[The Works of the Right Honourable Edmund Burke, Vol. I. (of 12) by Edmund Burke]@TWC D-Link bookThe Works of the Right Honourable Edmund Burke, Vol. I. (of 12) PREFACE 17/99
But I am content to detract from this, and to suppose that the Indians lost only half so much, and then the account stands thus: in this war alone (for Semiramis had other wars) in this single reign, and in this one spot of the globe, did three millions of souls expire, with all the horrid and shocking circumstances which attend all wars, and in a quarrel, in which none of the sufferers could have the least rational concern. The Babylonian, Assyrian, Median, and Persian monarchies must have poured out seas of blood in their formation, and in their destruction. The armies and fleets of Xerxes, their numbers, the glorious stand made against them, and the unfortunate event of all his mighty preparations, are known to everybody.
In this expedition, draining half Asia of its inhabitants, he led an army of about two millions to be slaughtered, and wasted by a thousand fatal accidents, in the same place where his predecessors had before by a similar madness consumed the flower of so many kingdoms, and wasted the force of so extensive an empire.
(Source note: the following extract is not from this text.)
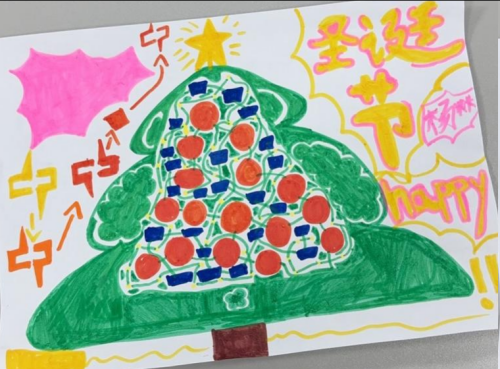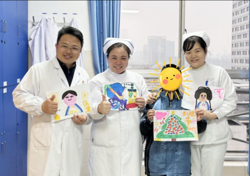 画里的主角不是别人,正是这些天悉心照顾他的泌尿外科二区医护人员。画纸上,扎着辫子的护士姐姐笑容亲切,戴着眼镜的医生叔叔头顶仿佛有“光环”,旁边还有一棵特别的圣诞树,树上挂着的不是传统装饰,而是陈宸用稚嫩笔触描绘的“暖暖的针”和“甜甜的药”,旁边甚至点缀着象征“打败病菌”的卡通魔法符号。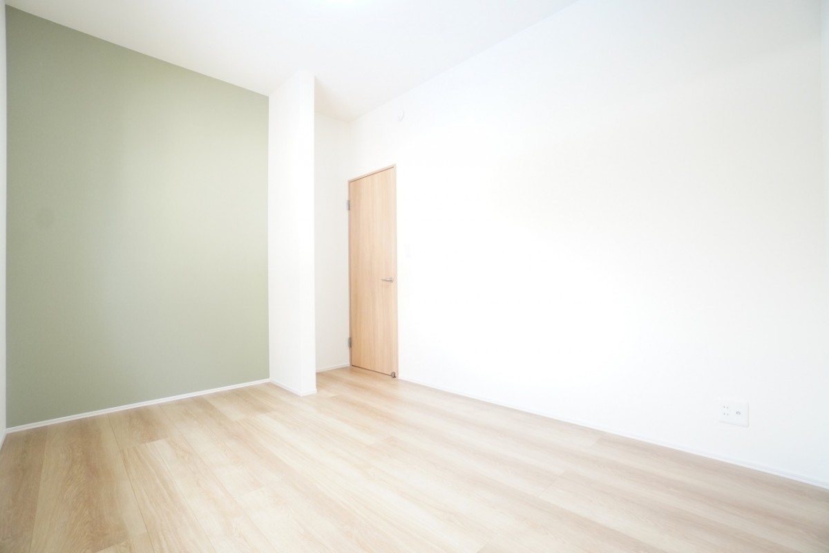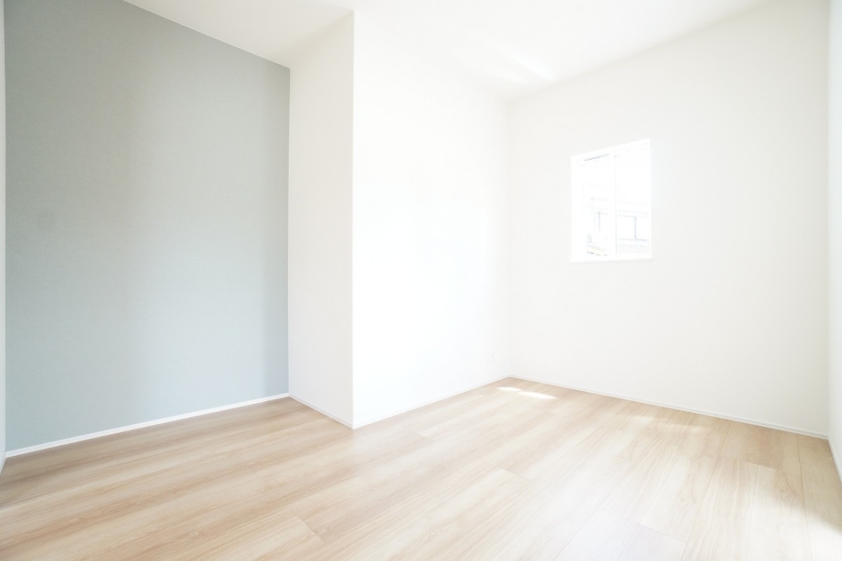 6帖洋室。リビングから少し離れたところにあり、プライバシーを守れます。また、リビングを通らないため、来客時にリビングを通したくないというご家族にもピッタリの間取りです。

It is a cheap calculation to say, that the Persian empire, in its wars against the Greeks and Scythians, threw away at least four millions of its subjects; to say nothing of its other wars, and the losses sustained in them.
These were their losses abroad; but the war was brought home to them, first by Agesilaus, and afterwards by Alexander.
I have not, in this retreat, the books necessary to make very exact calculations; nor is it necessary to give more than hints to one of your lordship's erudition.